В последние дни, когда она внутренне стала называть себя его женой, донимало ее предощущение беды. Кроме пляшущих мелочей, которые она видела боковым зрением постоянно, успокаивая себя тем, что это не сумасшествие, просто, по слепости ее, все невидимое дополняется на сетчатке изображениями прочитанного, — кроме пляшущих мелочей, были и другие явления. Однажды, взглянув из передней в дверной проем комнаты, она увидала вереницу гигантских уток, которые, переваливаясь, пересекали освещенный участок крашеного пола. Лапы их были очень толсты, а сами птицы похожи на кургузых старух, перемещающихся на полусогнутых ногах, вроде актрисы Немоляевой в спектакле “Кавказский меловой круг”, который шел когда-то в театре Маяковского. У нее зарождались дурные предчувствия, и она говорила себе: “Как сейчас хорошо и какой катастрофой все это кончится!”.
52
В течение нескольких суток у него тупо болела башка и распухшие верхние веки нависали над зрачками. Болячки обметали губы. Глаза его вдруг как-то потеряли чувствительность, и он смотрел на лист ватмана, исполосованный лекальными кривыми, и не мог сосредоточиться, а все как будто усмехался — такая только осталась у него реакция. Его заботило, что на еду требуется теперь больше денег, но заработать не мог. Просто стал отказывать себе в пище, почти насильно укармливая беременную свою красавицу, от которой когда-то требовал невыполнимого постничества.
Он устал от этой зимы, от того, что вечно ходил с мокрыми ногами, что дни были коротки и резать приходилось при электричестве. Иногда он засиживался до трех часов ночи и только блестки во взгляде, мешающие сосредоточиться, заставляли его лечь.
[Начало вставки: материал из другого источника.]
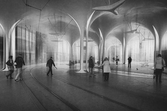 Integration White Modern Wood Framed Art Print with Double Matting by Ratzer, Klaus

Он устал от чередования пустых тягостных дней и наполненных болезненно-экстатическим трудом ночей. Знал, что сделает нечто грандиозное, но ежедневная пытка пребыванием в “ящике”, чувствовал он, обескровила его, хотя большущие ладони, которые он весь рабочий день держал на крышке стола, были работоспособны и неистово спешили, как только дотрагивались до инструмента. Он резал с точностью автомата, зная, что одушевление, которым создан исходный рисунок, было настоящим, и даже без сегодняшних эмоций, без примеривания руки делают все хорошо.
Он забывался неглубоким сном, а под утро, когда начинало светать, уже не спал и мысленно все надеялся на чудо: что не пойдет на работу. Стаж у него был маленький, по бюллетеню полагалась половинная плата на время нетрудоспособности. Этого он не мог себе позволить, тех девяноста рублей, которые он в общей сложности получал, и так было недостаточно.
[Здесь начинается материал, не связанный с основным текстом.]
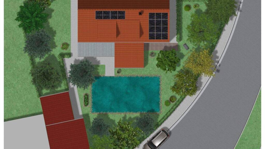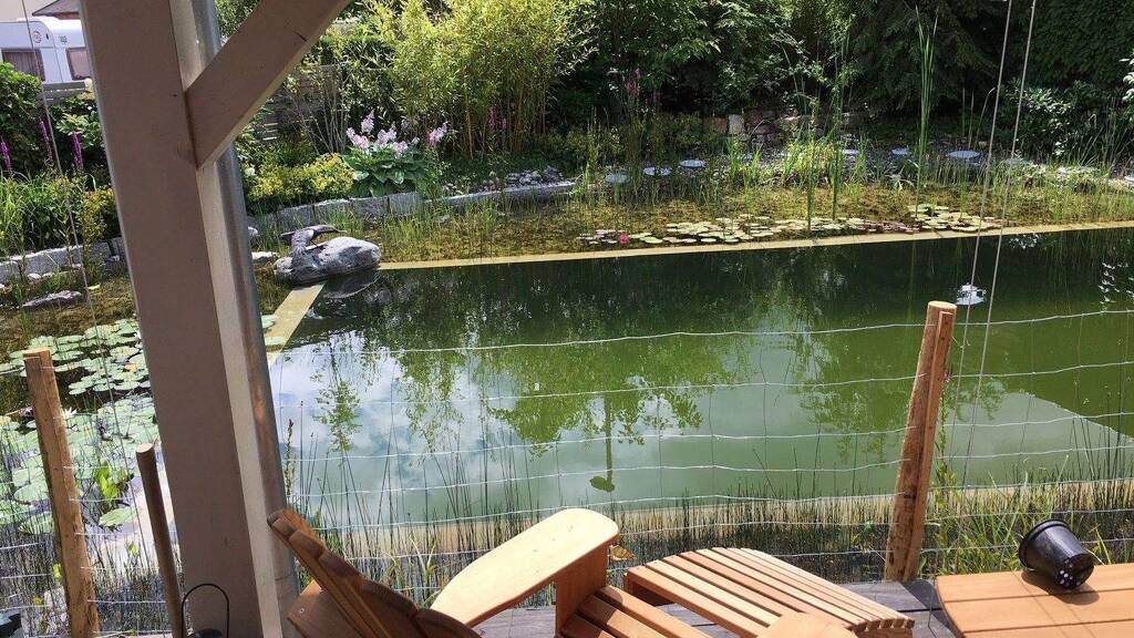 * Der Wellness-Garten: Ein natürlicher Schwimmteich (mit Poolfilteranlage, chemikalienfrei) bildet das Herzstück, flankiert von einer großen überdachten Terrasse und einem vollständig ausgestatteten Saunahaus mit eigenem Bad und Ruheraum. Eine Zisterne (3.000 l) zur Gartenbewässerung ist vorhanden.

Каждый день, высиживая в людной комнате почти девять часов, он невольно перебирал в памяти детали короткого разговора с Хубаткиным и гадал, где же он допустил оплошность, проговорился и выдал себя, по сто раз на дню представляя, что же будет двадцатого числа. Чтоб утишить гул от ламп дневного света, он прижимал ладони к ушам, с трудом вытерпливая последние полтора часа и задыхаясь от соленой слизи, забивавшей ему бронхи.
Когда выходил на улицу, от свежести сначала становилось легче, но, пройдя несколько метров, он чувствовал: весь дым страшного города, все, что выдохнула Москва из высоченных труб теплостанций и дворовых котелен, кормящихся антрацитом, заполняет его грудь сжигающей волной. “Что они со мной могут сделать? Уволить? Можно работать грузчиком”, — пытался он победить безотчетный нутряной свой ужас.
Он долго не признавался дома в своей болезни и, когда она, чувствуя его огневицу, просила своего кормильца остаться дома хоть на один день, успокаивал ее, монотонно повторяя: “Пройдет!”, и уклонялся от объятий.
Она срезала самые полнотелые листья алоэ и, выдержав их дня три в темноте, чтоб усилить действенность жизнетворного растения, приготовила лекарство, смешав горький сок с кагором и медом. Она поила его на ночь отваром бузинового цвета, и после испарины на целый час лобная боль отпускала и он чувствовал блаженную слабость. Она промокала ему марлей влагу со лба и дула на лицо, чтоб охладить жар, и ее дыхание со странным этим одуванчиковым запахом сушило чувствительную его кожу. Но утром он опять вставал и шел через мост, не принимая во внимание уговоров, и даже отталкивал ее равнодушно, но шел ради нее, повинуясь идиотскому, как он говорил себе, супружескому долгу.
И за день у него опять наболевала грудь от кашля, и шум в голове был такой, что он не слышал слов, с которыми к нему обращались. Он чувствовал, как разбухло у него горло, видя его мысленно: красное, мясистое, через которое уже не мог пробиться голос.